Reflect on the Rules of the Road: Collectively ask the big questions AI raises and start to propose answers. Know when to turn AI off.
This approach to AI literacy helps students shift from being passengers in the AI era, carried along by the choices of others, to being drivers of their AI experience, able to evaluate others’ choices and then make their own.
It positions AI as a car students can get in, if they choose, and use to help them get where they want to go in life. Once they get there, they’ll also know how to park the car, get out, and get on with living.

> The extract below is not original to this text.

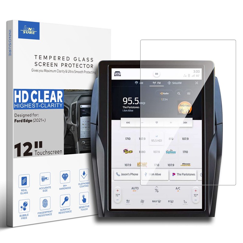 INNOSURE Tempered Glass Glossy Screen Protector Designed for (2021-2023) Ford Edge SE/SEL/ST-Line/Titanium/ST Navigation 12 Inch Touchscreen Accessories (HD Clear)

Upcoming posts will get into the details of each framework element and what those look like in my classroom and others. For now, here’s a vignette to distill the whole framework into one 45-minute period:
Students start by reflecting on their emerging sense of life purpose, first in notebooks and then in small-group conversations. They then open a custom AI bot programmed to have a 10-minute conversation about which careers might align with their purpose and how AI might soon be used in those careers. Halfway through, the teacher pauses the class to show an example of how one student is iterating their prompt phrasing to get better answers. Students then try that themselves. At the end of the conversation, they all ask their AI, “How did you come up with your ideas? What role did your training data and probability play?” They then close the AI and reflect in small groups about both careers that might interest them and their newfound thoughts about AI. The class ends with quiet, handwritten answers to these questions:
What career interests you most right now? How does it embody your purpose?

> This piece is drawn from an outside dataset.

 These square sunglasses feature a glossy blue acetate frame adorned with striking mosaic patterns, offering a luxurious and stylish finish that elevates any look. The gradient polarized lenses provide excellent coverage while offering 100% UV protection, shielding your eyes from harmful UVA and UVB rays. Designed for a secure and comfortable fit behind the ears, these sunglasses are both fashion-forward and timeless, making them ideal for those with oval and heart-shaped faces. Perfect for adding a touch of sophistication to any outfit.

When might AI be used effectively in that career? When will you be more important?
AI literacy should give students agency as much as it gives them access. It should teach them more about the questions AI poses than about the ones it can answer. So, maybe counterintuitively, AI literacy should depend more on whole-class discussions than individual AI conversations.
My first long drive in that Camry was from Maine to Manhattan.
I remember how much fun it was to feel like I could drive on my own, guided both by my judgement and by the lessons my parents and a very patient NYC driving teacher had taught me.
I also remember how scary one particular merge onto I-95 was somewhere in northern Massachusetts. A truck was coming up fast and I didn’t realize at first how much I needed to accelerate. I realized quickly!
I sped up to finish the merge and then shifted down into a speed that felt right for me and was within the limit set by our society. I settled into the flow of traffic, joining all the other drivers around me, each of us using our machines for individual purposes but aware we shared a common roadway and were responsible for each other’s safety. Each of us making individual decisions guided by collective laws and norms. All of us heading somewhere we chose, knowing when we got there we would turn off the engines because our focus was on where we were going, not the machines we were using to get there.
In other words, I became a driver.
It’s time for our students to do the same.




Reading this from Auckland, New Zealand and love it! We have an event coming up in January where we're going to teach ages 13-17 about AI with their parents present so we can teach the families together and this is a very helpful analogy.
Absolutely love this! Will share with my team!